35 The costs incurred by the Commission of the European Communities, which has submitted observations to the Court, are not recoverable.
36 Since these proceedings are, in so far as the parties to the main action are concerned, a step in the action pending before the national Court, costs are a matter for that Court.
On those grounds,
The Court
In answer to the questions referred to it by the arrondissementsrechtbank utrecht, hereby rules:
1. Having regard to the objectives of the community, the practice of sport is subject to community law only in so far as it constitutes an economic activity within the meaning of article 2 of the treaty.

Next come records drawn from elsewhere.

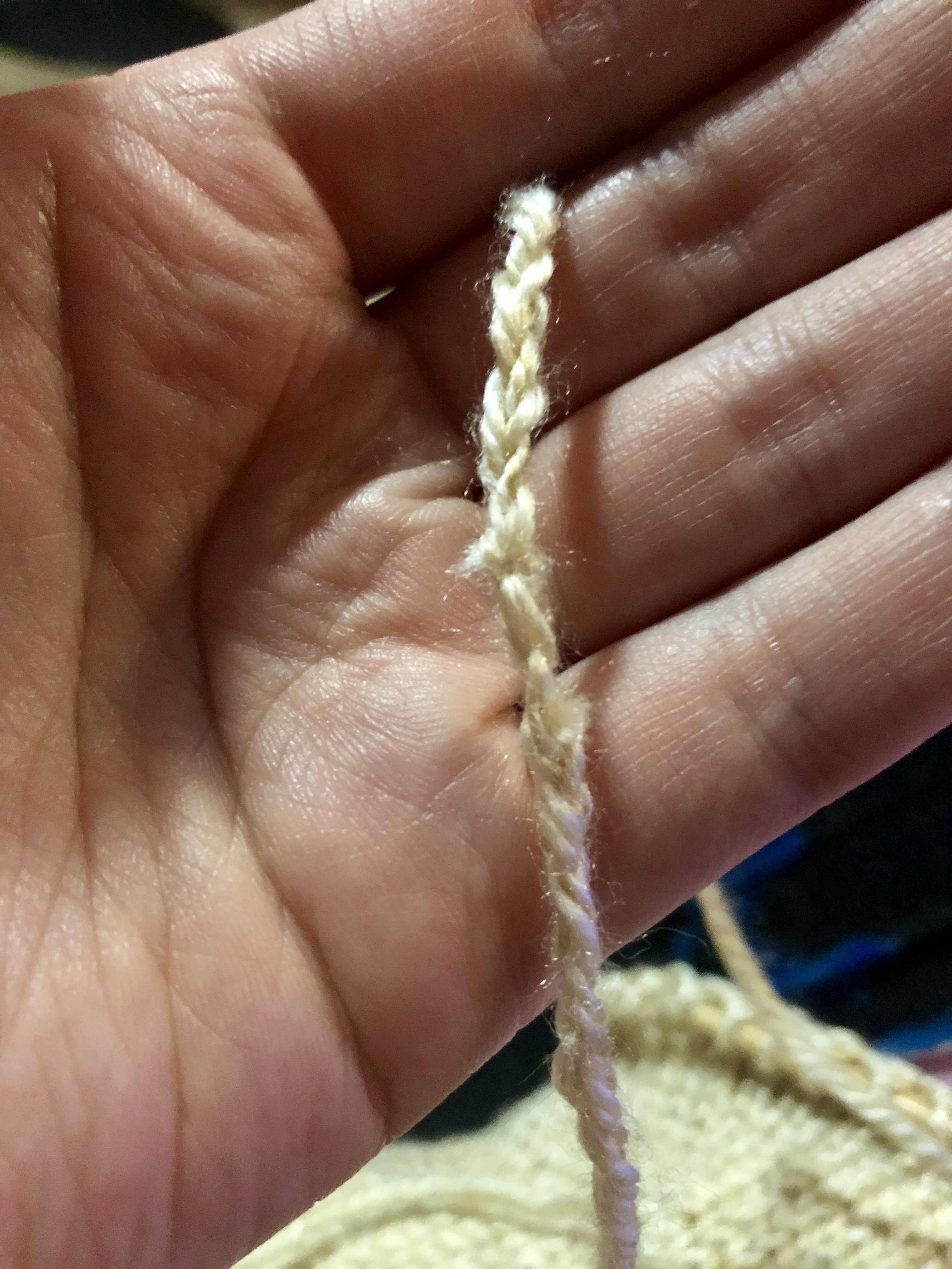 I pulled out my took kit and decided to fix the problem. I cut the knot out and then loosened the four plys on each end of the yarn. I then cut two of the four plys off each side and used my tapestry needled to do a Russian join.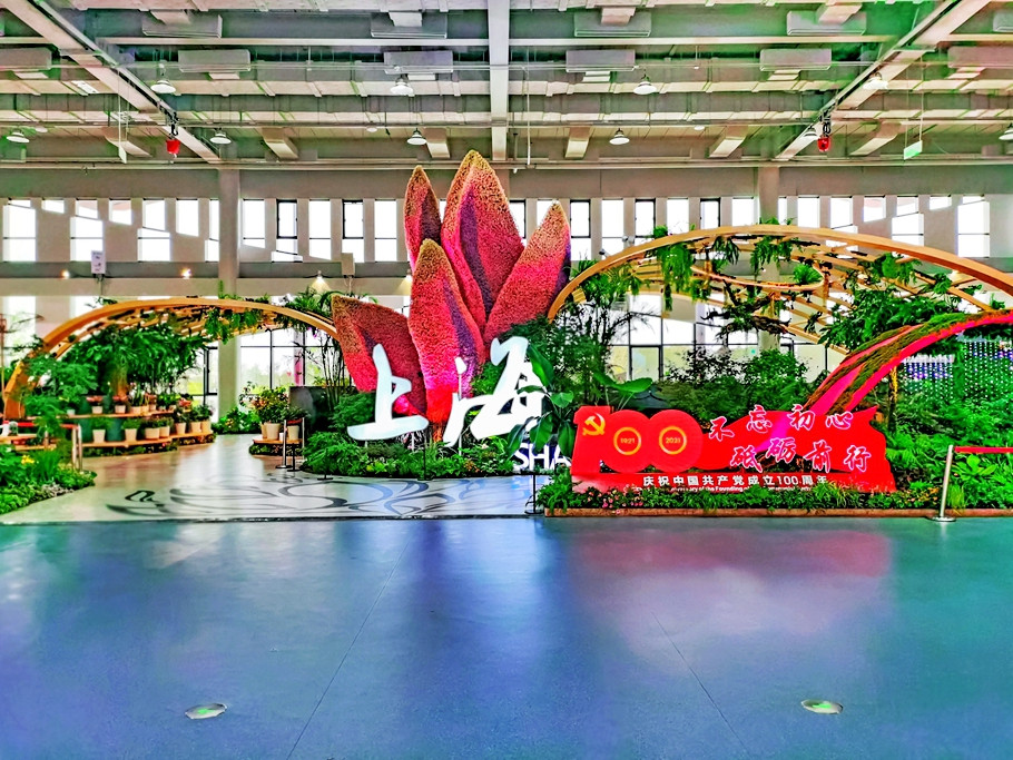 复兴馆是各省区市及中国花卉协会分支机构的室内展区,A1、B1还开着,我们挑选了其中的B1展区逛一逛,因为里面是广受欢迎的上海、江苏、浙江三个室内场馆,作为上海游客一定要去看看上海馆。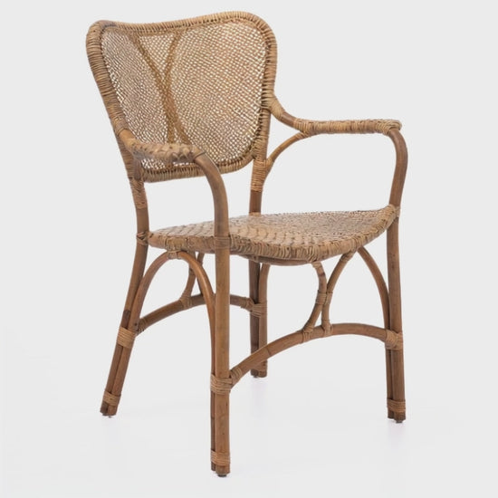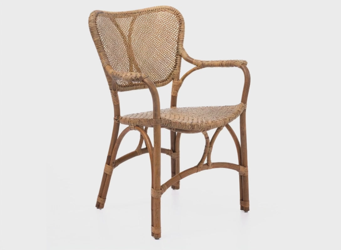 Silla comedor con brazos anticado alysa. Estructura en vara de rattan sin corteza. Sentadero y espaldar tejidos en cáscara de rattan.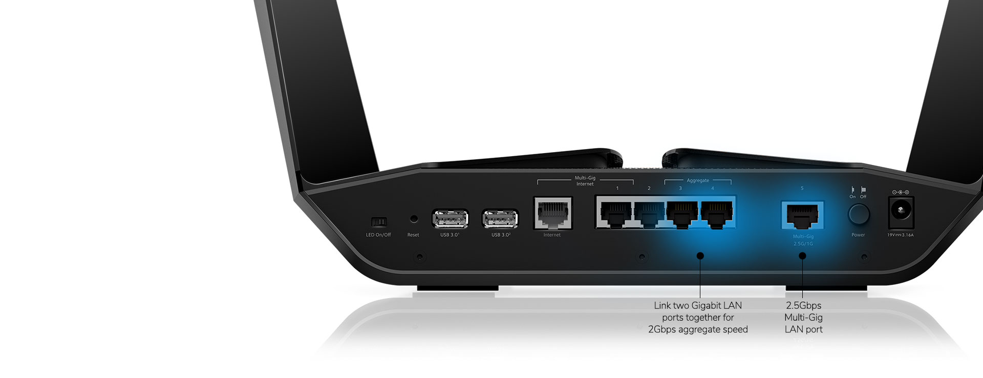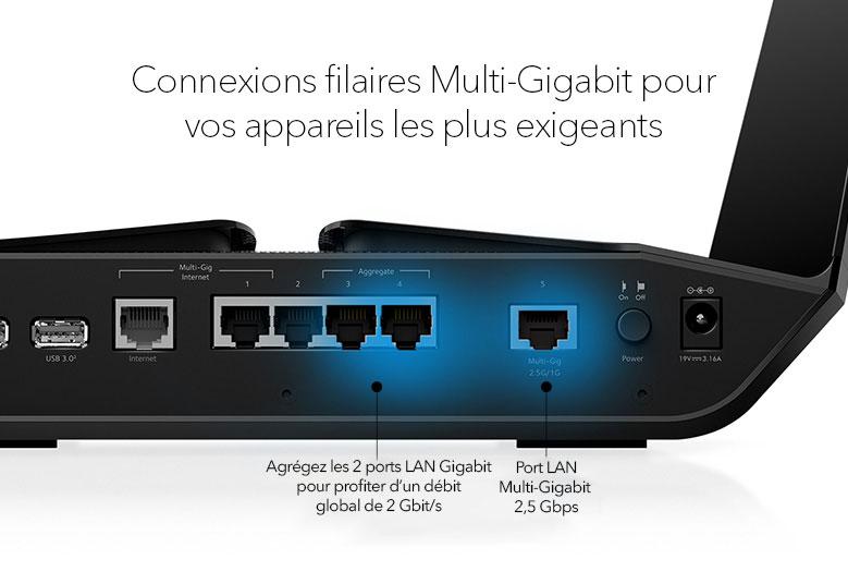 Utilisez le port Ethernet 2,5 Gigabit ou l'agrégation de ports pour profiter de débits Multi-Gigabit. Connectez plus de périphériques filaires grâce aux 4 ports Gigabit Ethernet.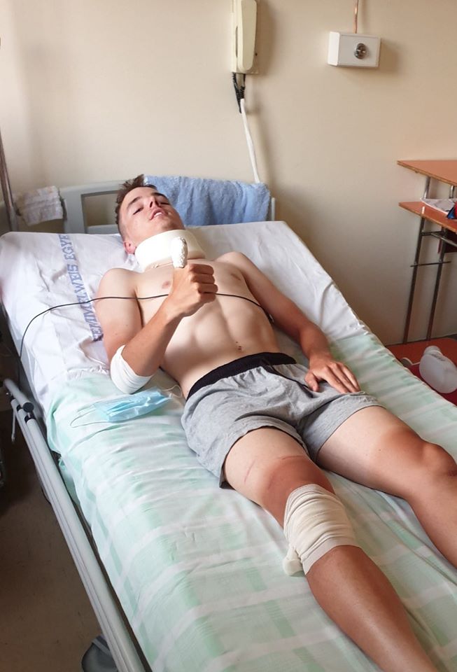 A 20 éves sportoló Facebook-oldalán számolt be arról szerda este, hogy felkészülés közben hirtelen elé hajtott egy kisbusz, esélye sem volt a lassításra, így “beleszállt”. Hozzátette, a hibázó sofőr egyből mindent megtett, hogy a lehető leggyorsabban ellássák.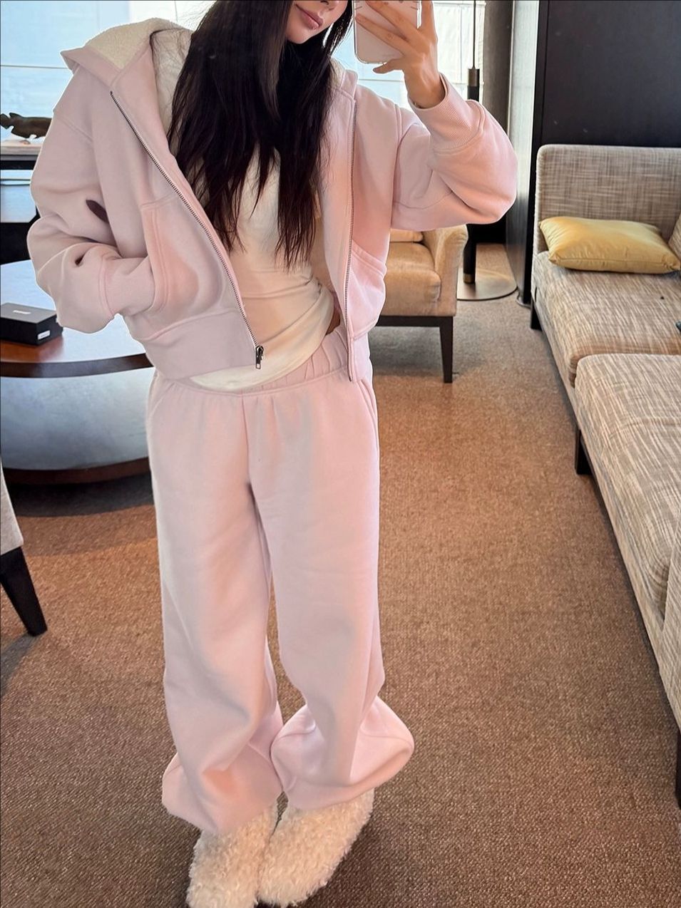 SUNONEOE11.10 20:00少女心炸裂 粉色高克重460g卫衣套装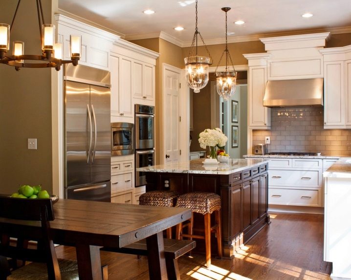 Ако кухнята има кът за хранене, осветлението също трябва да бъде добре обмислено..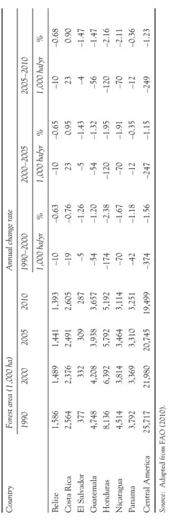 Table 1.1 Forest area changes in Central America between 1990 and 2010

2. The prohibition on discrimination based on nationality contained in articles 7, 48 and 59 of the treaty does not affect the composition of sport teams, in particular national teams, the formation of which is a question of purely sporting interest and as such has nothing to do with economic activity.
3. Prohibition on such discrimination does not only apply to the action of public authorities but extends likewise to rules of any other nature aimed at collectively regulating gainful employment and services.
4. The rule on non-discrimination applies in judging all legal relationships in so far as these relationships, by reason either of the place where they are entered into or of the place where they take effect, can be located within the territory of the community.
5. The first paragraph of article 59, in any event in so far as it refers to the abolition of any discrimination based on nationality, creates individual rights which national Courts must protect.